Credit: NPG

A recent study has revealed that the three mammalian DNA methyltransferases have context-dependent contributions to methylation establishment and maintenance in vivo.

Arand et al. analysed DNA from mouse embryonic stem cells (ESCs) and differentiated cells using a hairpin bisulphite-sequencing strategy. Briefly, this approach involved hairpin DNA linkers designed to capture restriction-enzyme-generated fragments of DNA from four classes of repeat sequence and four single-copy genes in the mouse genome. Bisulphite treatment was then used to convert unmethylated cytosines to uracils; importantly, the linkers contained runs of cytosines to provide accurate assessment of the efficiency of bisulphite conversion. Deep sequencing then enabled the authors to determine the DNA methylation patterns on both strands of DNA at high resolution.

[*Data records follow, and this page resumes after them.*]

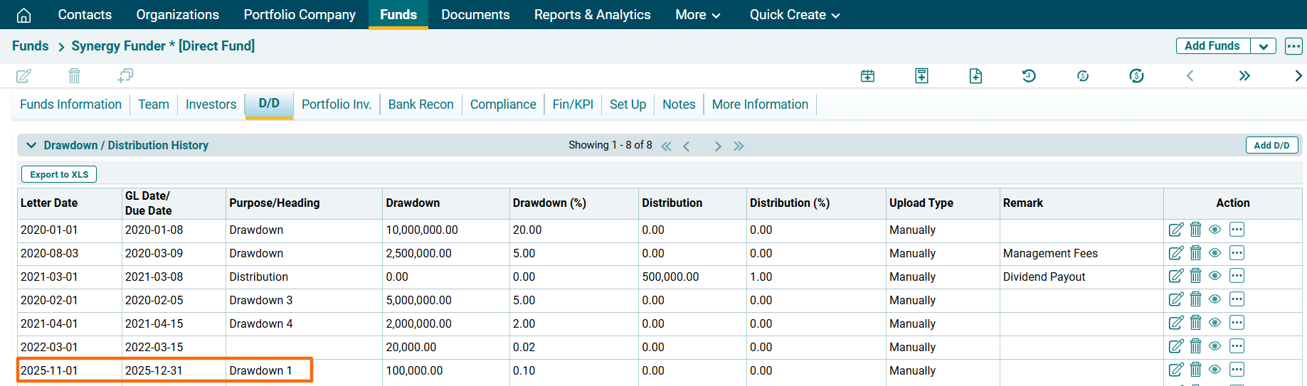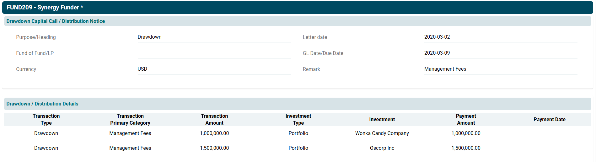 - Transaction Type: Choose transaction type, i.e., Drawdown or Distribution.
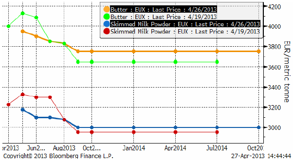 Nedan ser vi terminskurvorna för smör och skummjölkspulver på Eurex i fredags vid börsens stängning och veckan innan.
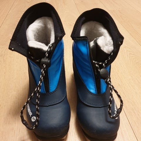 Rossignol junior langrennsko i svart og rød farge. Skoene har glidelås foran.Materialet er slitesterkt og gir god beskyttelse og støtte under langrenn. Gode og varme. Kun brukt en gang, da føttene til jenta vår vokste veldig fort.
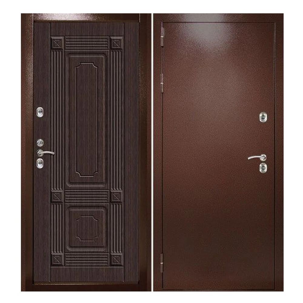 Дверная рама: Изготовлена из цельногнутой конструкции. По контуру самой двери и короба имеется уплотнитель трубчатого типа. В данной модели 3 контура уплотнения. Также, дверной порог уже приварен к раме. Но самое важное - дверная коробка и дверное полотно двери состоят из двух конструкций, разделенных между собой специальным слоем пробковой термоизоляции. Такой конструктив называется терморазрывом, т.к. наружная и внутренняя коробки между собой не соприкасаются, внутренняя коробка имеет температуру помещения, и как результат, она не промерзает и на ней не работает точка росы. Дверные петли: Дверь Дверной Континент Термаль Ультра Венге имеет 3 наружные петли на подшипниках. Они плавно располагают нагрузку, это обеспечит долговечность открывания/закрывания дверей. Полотно двери: Выполненного из холоднокатаной стали с использованием 1 листа металла 1,5 мм. В конструкцию входят ребра жесткости, обеспечивая жесткость корпусу. В зоне замков используют второй лист металла. Для придания двери высокой тепло и шумоизоляции, в дверь уложена базальтовая плита плотностью 100 кг/м.куб. + жесткий пенополистирол.. Они придают двери очень высокую тепло и шумоизоляцию. Но самое главное - наружный контур металла дверного полотна никак не соприкасается с внутренним контуром дверного полотна - понятие терморазрыва. Такой конструктив позволяет не охлаждаться внутреннему контуру двери и на нем не будет инея или конденсата при высокой разнице температуры на улице и в помещении в зимнее время. Толщина изделия - 100 миллиметра. Открывание 180 градусов. Внешняя поверхность окрашена атмосферостойким покрытием в цвете Медный антик тёмный. Внутри установлена влагостойкая фрезерованная МДФ панель 12 мм., в цвете Венге. В данной модели двери отсутствует глазок!
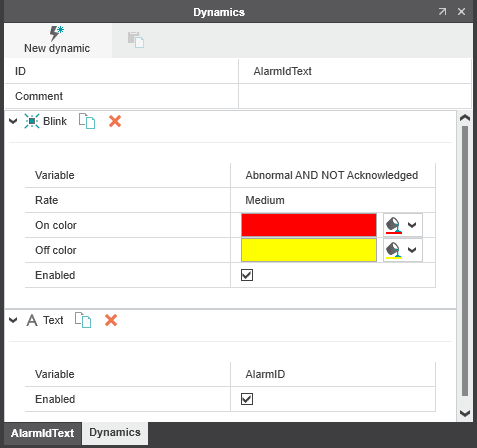 Text object - displays the AlarmID at runtime and blinks dependent on the alarm state
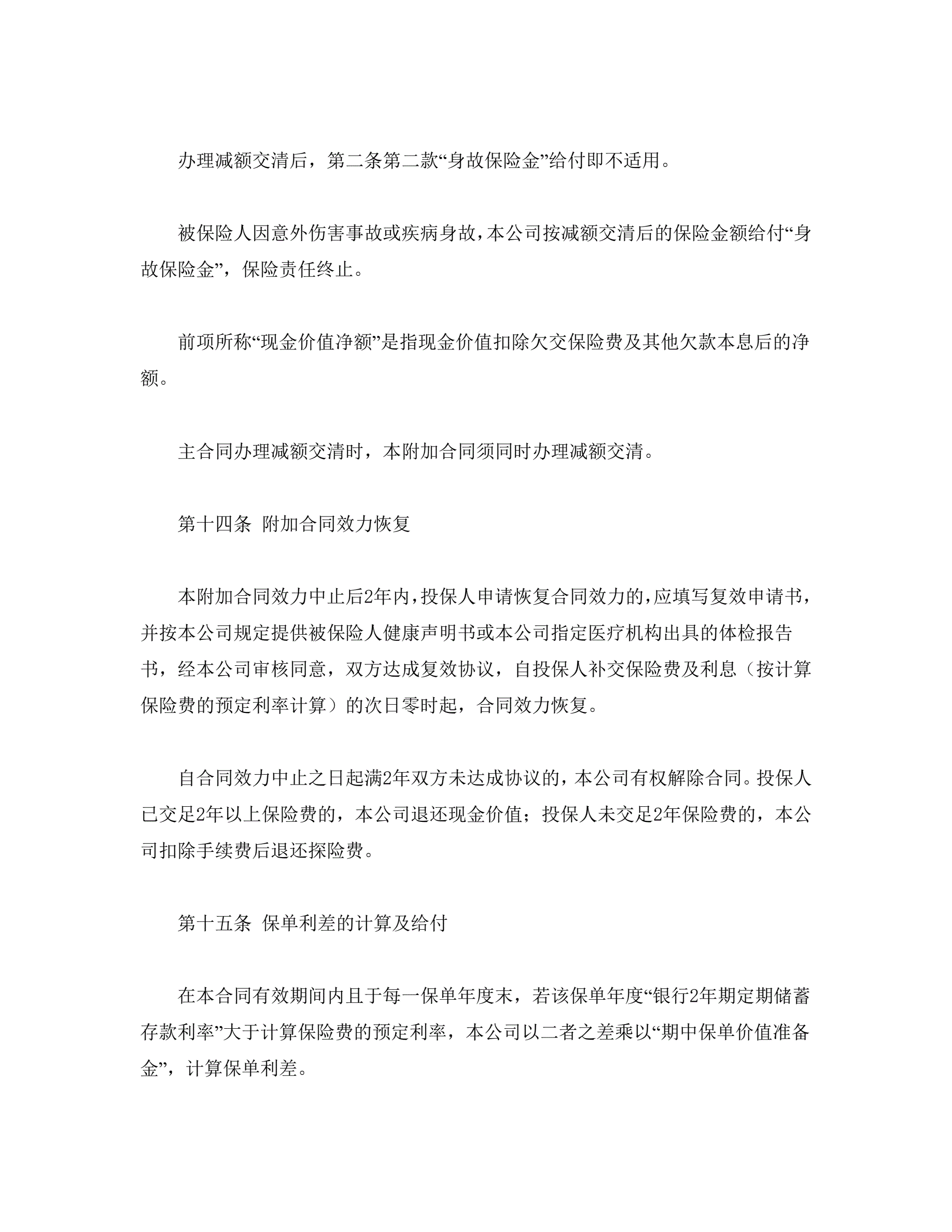 >平安附加万寿两全保险(利差返还型)条款
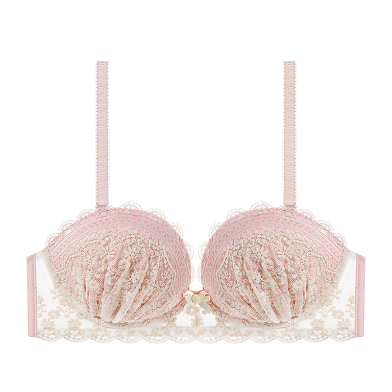 Flower house half cup sweet lace girl bra thin cute bra Japanese small chest gathered on the trust underwear 155
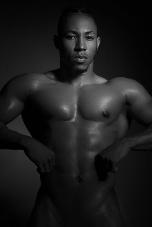 El cuerpo aparece como objeto de observación. No se dramatiza ni se estiliza más allá de lo necesario. La musculatura, la postura y la piel se muestran con precisión en esta sesión fotográfica de estudio junto al modelo fitness panameño Luis Mendoza, quien poco sonríe a la cámara, pero encuentra su propia manera de dejarse conocer.
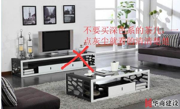 2、客廳的電視櫃和茶幾,不要買深色系的,一點灰塵看的清清楚楚,後期可有你忙的。

They also carried out this analysis on cells that lacked each of the DNA methyltransferases (DNMTs) — DNMT1, DNMT3A and DNMT3B — alone or in combination. The authors then analysed this data using hidden Markov models to determine the relative contributions of each enzyme to methylation establishment and maintenance in the different genomic regions and cell types studied.

Their findings confirm that, contrary to some previous views based on in vitro data, the enzymes do not have exclusive roles in de novo methylation or maintenance. Furthermore, some classes of repeats require different combinations of DNMTs. Recently, there has been great interest in non-CpG methylation, and this study shows that in ESCs, CpA methylation occurs at major satellite repeats and at one of the studied single genes, and that it is mediated by DNMT3A and DNMT3B, along with DNMT3L.